▶ DATA FOR THE TASK:

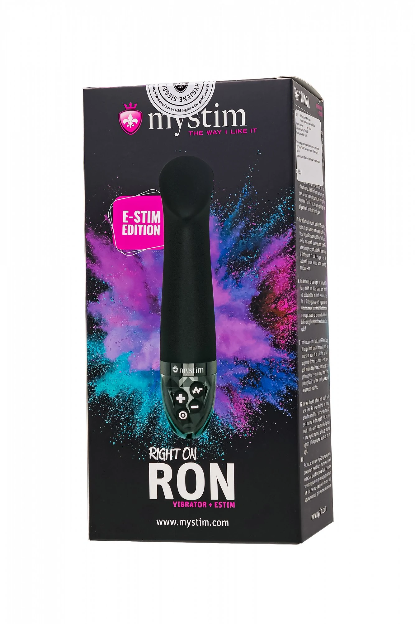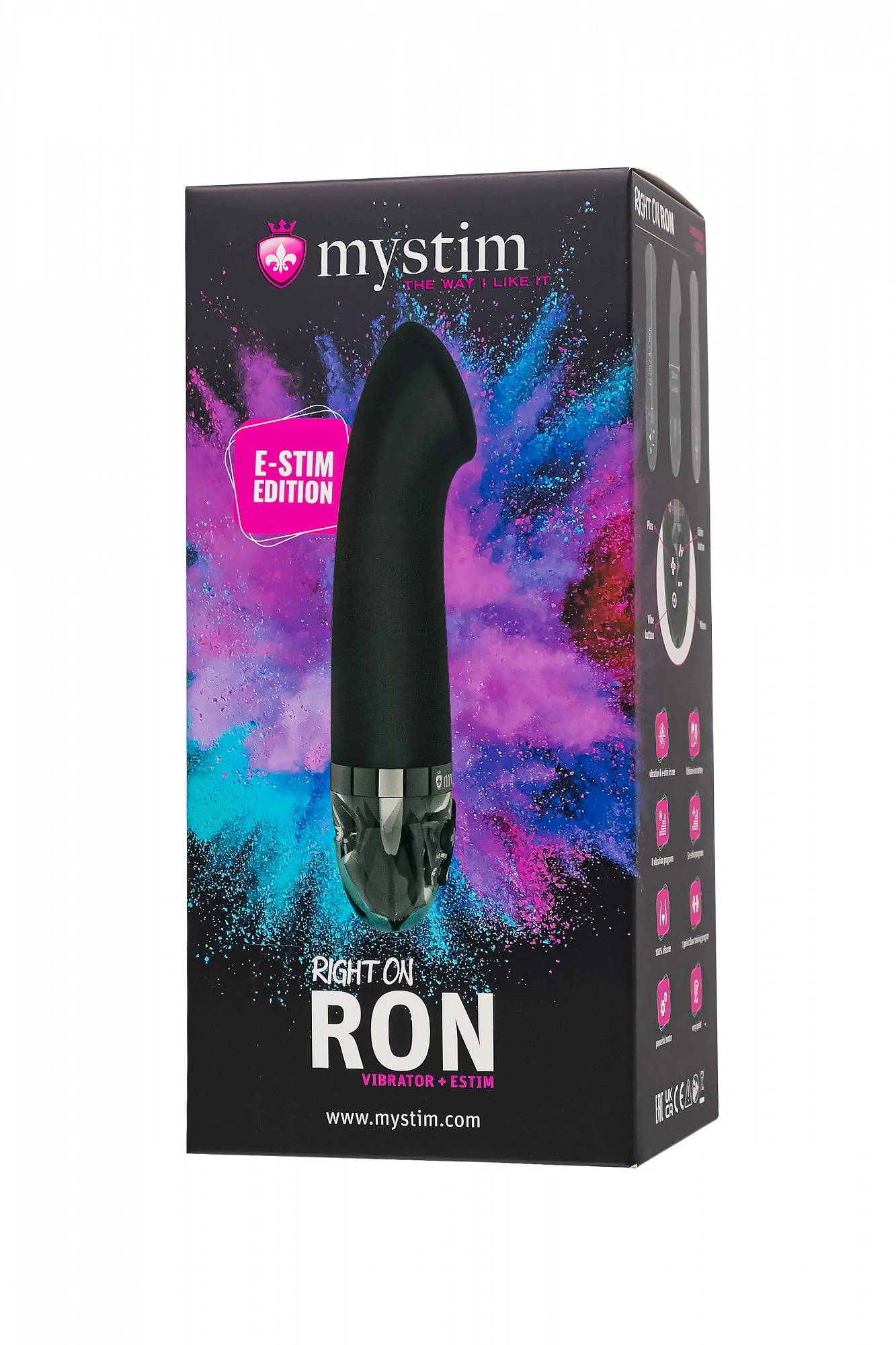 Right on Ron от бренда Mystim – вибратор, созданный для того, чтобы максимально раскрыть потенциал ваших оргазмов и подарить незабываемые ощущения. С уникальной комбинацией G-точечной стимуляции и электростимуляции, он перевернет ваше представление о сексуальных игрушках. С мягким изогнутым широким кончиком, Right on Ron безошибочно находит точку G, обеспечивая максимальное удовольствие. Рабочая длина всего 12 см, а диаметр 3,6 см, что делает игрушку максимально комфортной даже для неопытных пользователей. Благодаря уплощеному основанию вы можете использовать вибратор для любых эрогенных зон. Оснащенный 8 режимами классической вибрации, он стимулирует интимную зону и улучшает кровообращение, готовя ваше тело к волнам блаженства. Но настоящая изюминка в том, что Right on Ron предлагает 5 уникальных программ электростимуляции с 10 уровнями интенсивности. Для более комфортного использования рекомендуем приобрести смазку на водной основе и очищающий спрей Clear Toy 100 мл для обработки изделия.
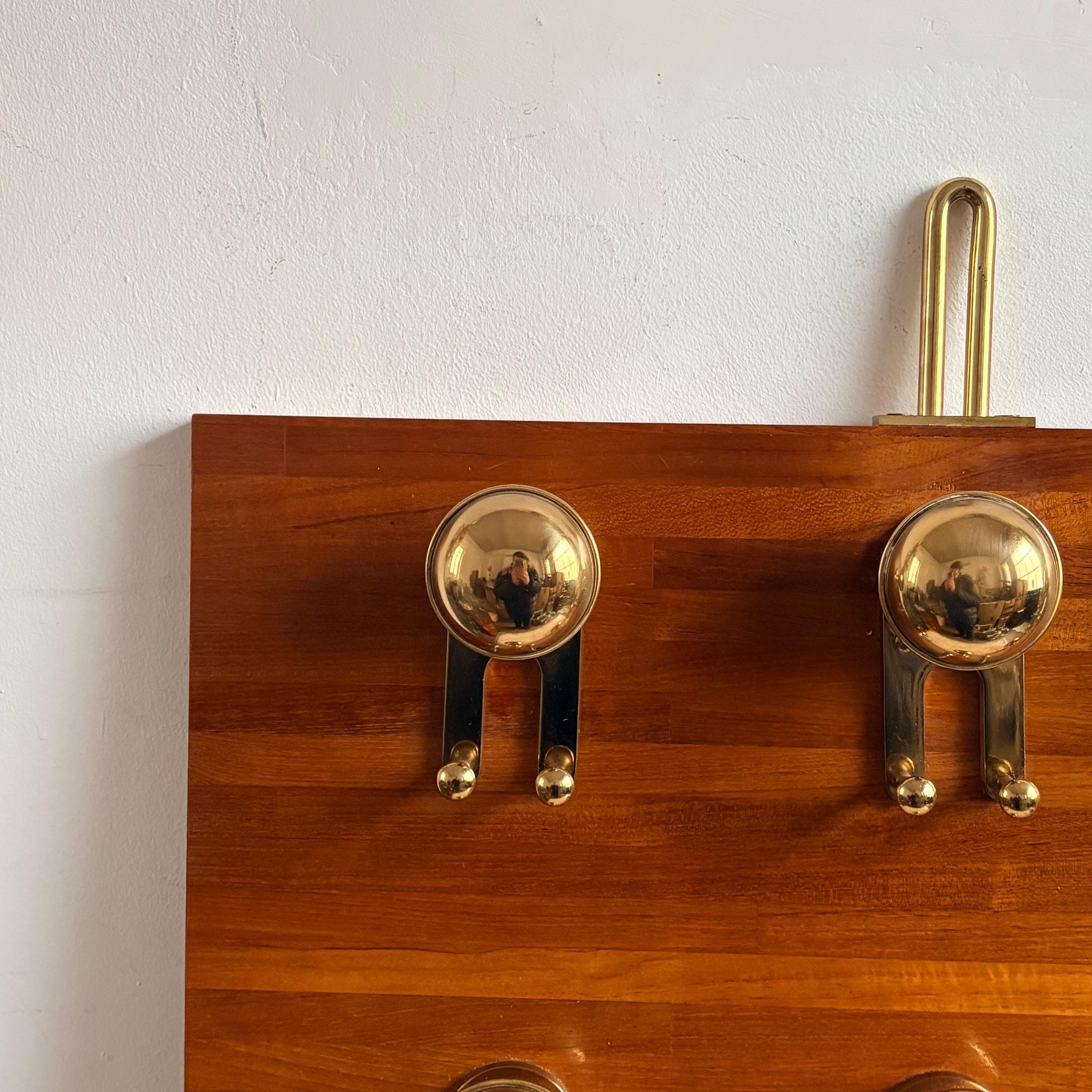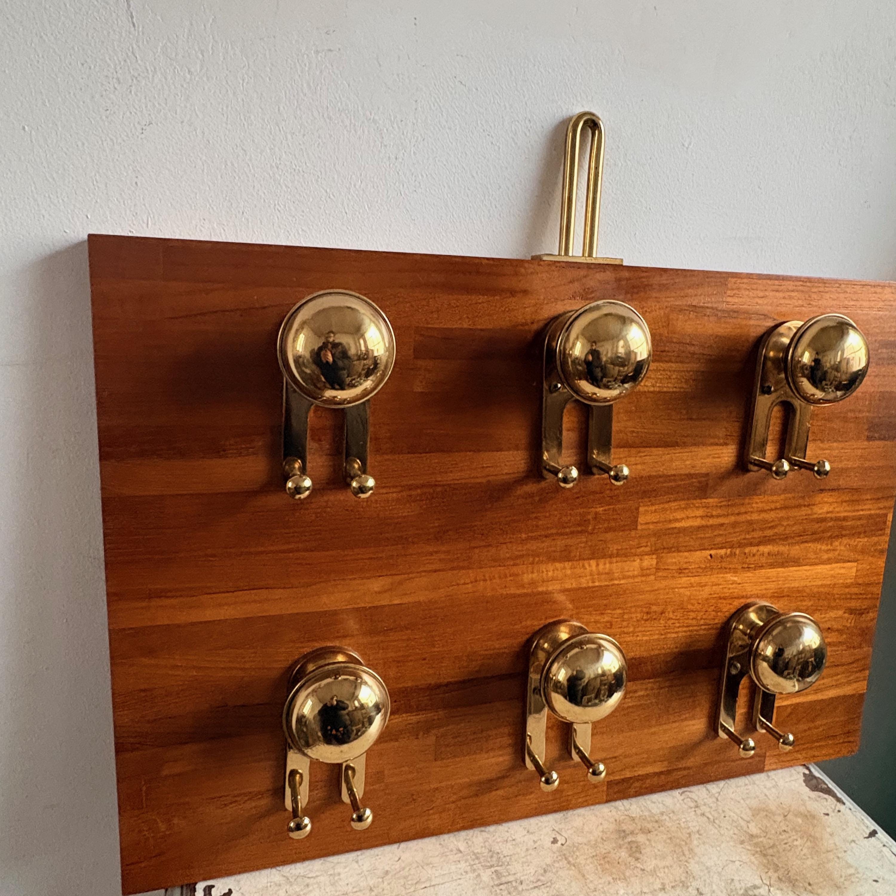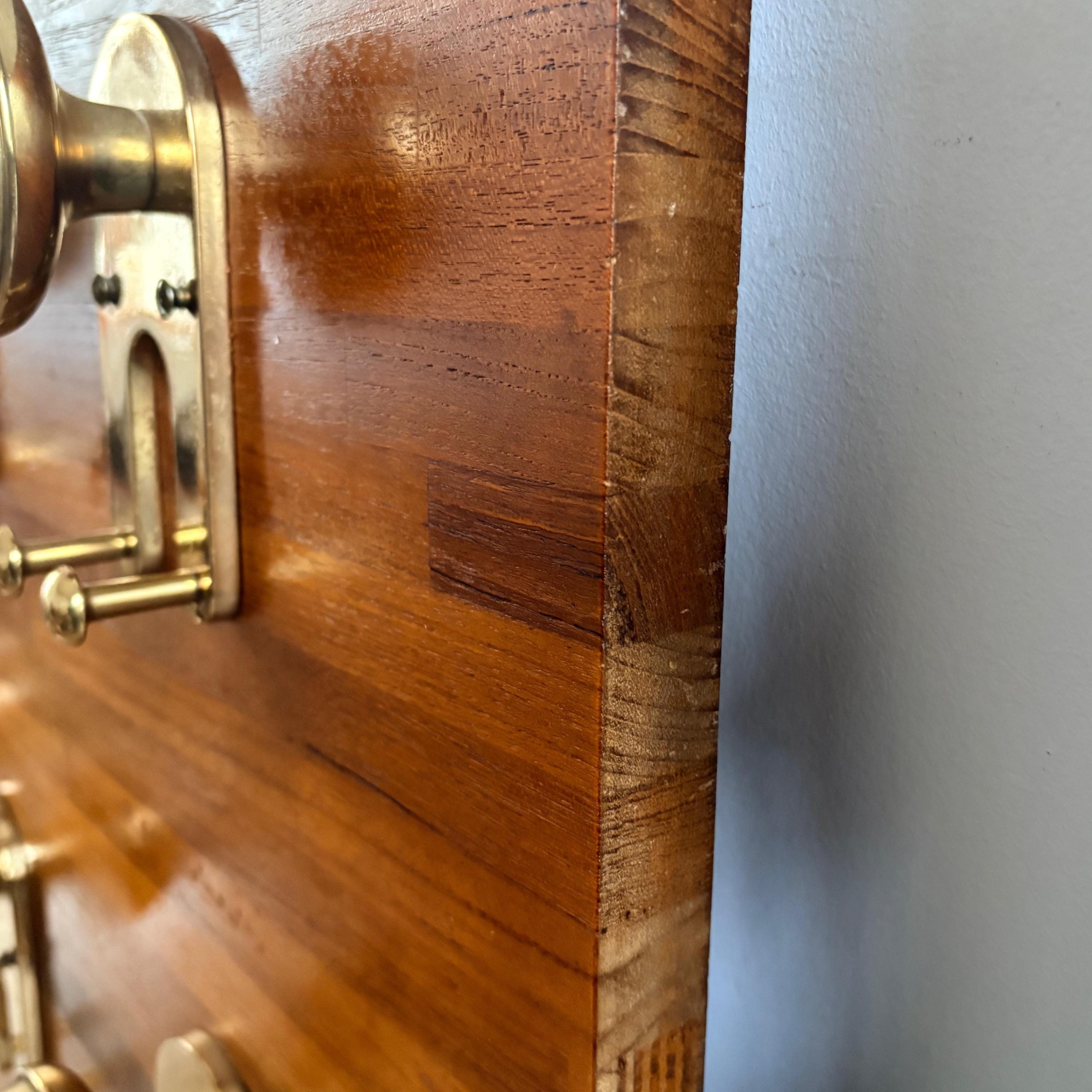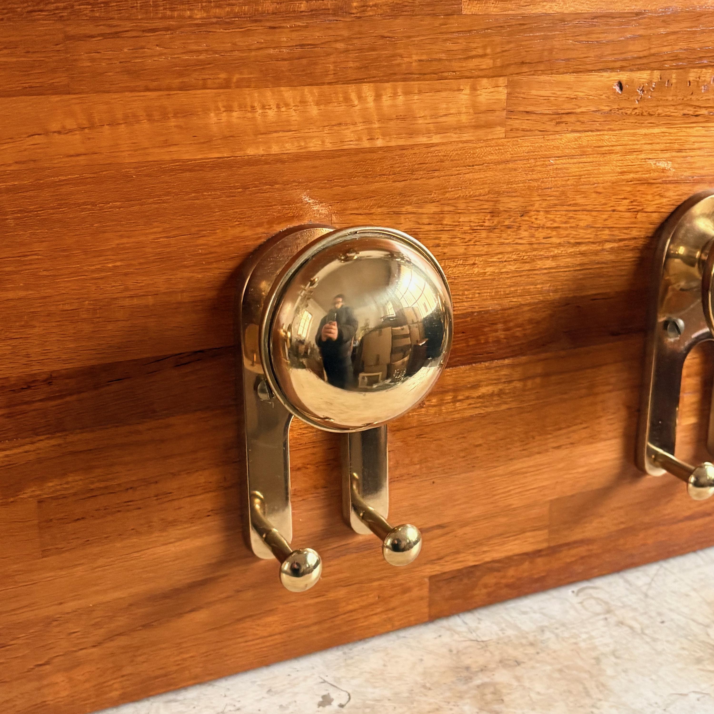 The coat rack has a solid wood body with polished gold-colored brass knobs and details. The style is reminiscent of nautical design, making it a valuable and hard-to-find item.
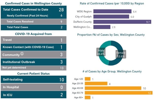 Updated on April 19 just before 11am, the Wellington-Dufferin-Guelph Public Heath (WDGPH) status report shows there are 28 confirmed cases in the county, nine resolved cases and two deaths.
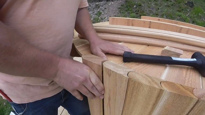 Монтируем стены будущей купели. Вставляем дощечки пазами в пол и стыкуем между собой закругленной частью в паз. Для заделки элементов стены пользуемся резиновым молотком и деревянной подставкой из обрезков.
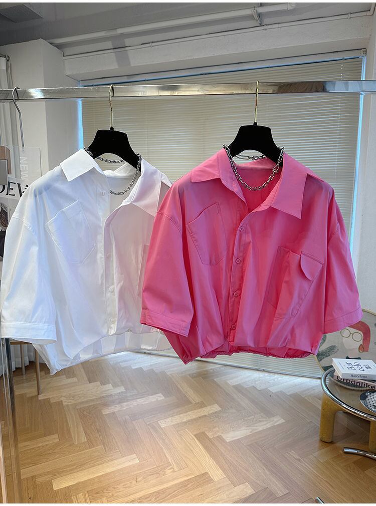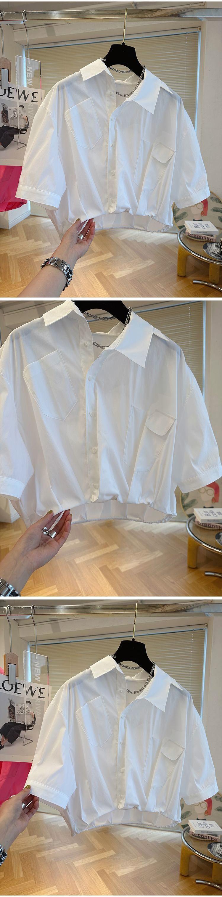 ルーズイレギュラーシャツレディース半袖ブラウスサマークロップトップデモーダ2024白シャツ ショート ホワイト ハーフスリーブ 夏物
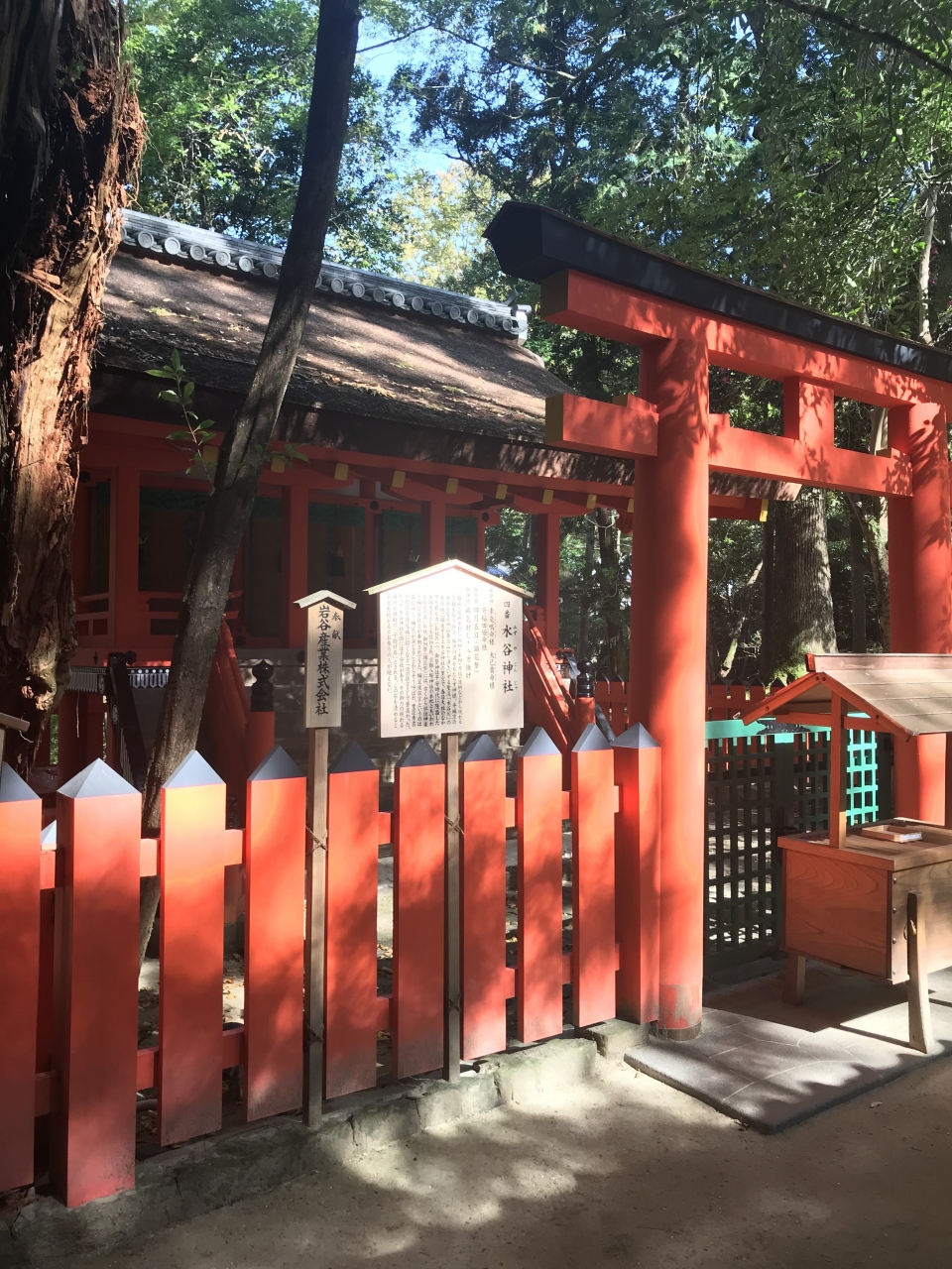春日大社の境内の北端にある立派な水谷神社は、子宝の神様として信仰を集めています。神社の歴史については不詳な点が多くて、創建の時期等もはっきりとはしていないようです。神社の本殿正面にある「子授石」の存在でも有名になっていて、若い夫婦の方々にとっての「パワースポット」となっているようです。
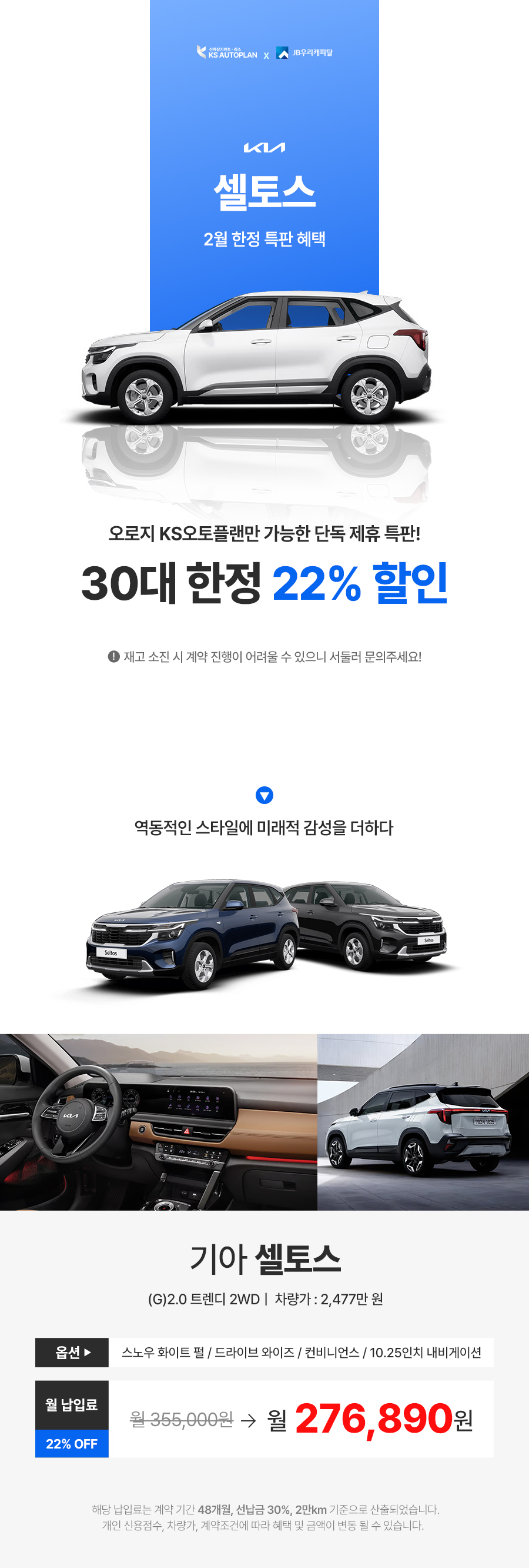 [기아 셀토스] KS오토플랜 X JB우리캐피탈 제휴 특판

▶ ABOUT THIS EXERCISE: Output every entry above exactly, minus the pictures.

▶ ANSWER AREA:
 Right on Ron от бренда Mystim – вибратор, созданный для того, чтобы максимально раскрыть потенциал ваших оргазмов и подарить незабываемые ощущения. С уникальной комбинацией G-точечной стимуляции и электростимуляции, он перевернет ваше представление о сексуальных игрушках. С мягким изогнутым широким кончиком, Right on Ron безошибочно находит точку G, обеспечивая максимальное удовольствие. Рабочая длина всего 12 см, а диаметр 3,6 см, что делает игрушку максимально комфортной даже для неопытных пользователей. Благодаря уплощеному основанию вы можете использовать вибратор для любых эрогенных зон. Оснащенный 8 режимами классической вибрации, он стимулирует интимную зону и улучшает кровообращение, готовя ваше тело к волнам блаженства. Но настоящая изюминка в том, что Right on Ron предлагает 5 уникальных программ электростимуляции с 10 уровнями интенсивности. Для более комфортного использования рекомендуем приобрести смазку на водной основе и очищающий спрей Clear Toy 100 мл для обработки изделия.
 The coat rack has a solid wood body with polished gold-colored brass knobs and details. The style is reminiscent of nautical design, making it a valuable and hard-to-find item.
 Updated on April 19 just before 11am, the Wellington-Dufferin-Guelph Public Heath (WDGPH) status report shows there are 28 confirmed cases in the county, nine resolved cases and two deaths.
 Монтируем стены будущей купели. Вставляем дощечки пазами в пол и стыкуем между собой закругленной частью в паз. Для заделки элементов стены пользуемся резиновым молотком и деревянной подставкой из обрезков.
 ルーズイレギュラーシャツレディース半袖ブラウスサマークロップトップデモーダ2024白シャツ ショート ホワイト ハーフスリーブ 夏物
春日大社の境内の北端にある立派な水谷神社は、子宝の神様として信仰を集めています。神社の歴史については不詳な点が多くて、創建の時期等もはっきりとはしていないようです。神社の本殿正面にある「子授石」の存在でも有名になっていて、若い夫婦の方々にとっての「パワースポット」となっているようです。
 [기아 셀토스] KS오토플랜 X JB우리캐피탈 제휴 특판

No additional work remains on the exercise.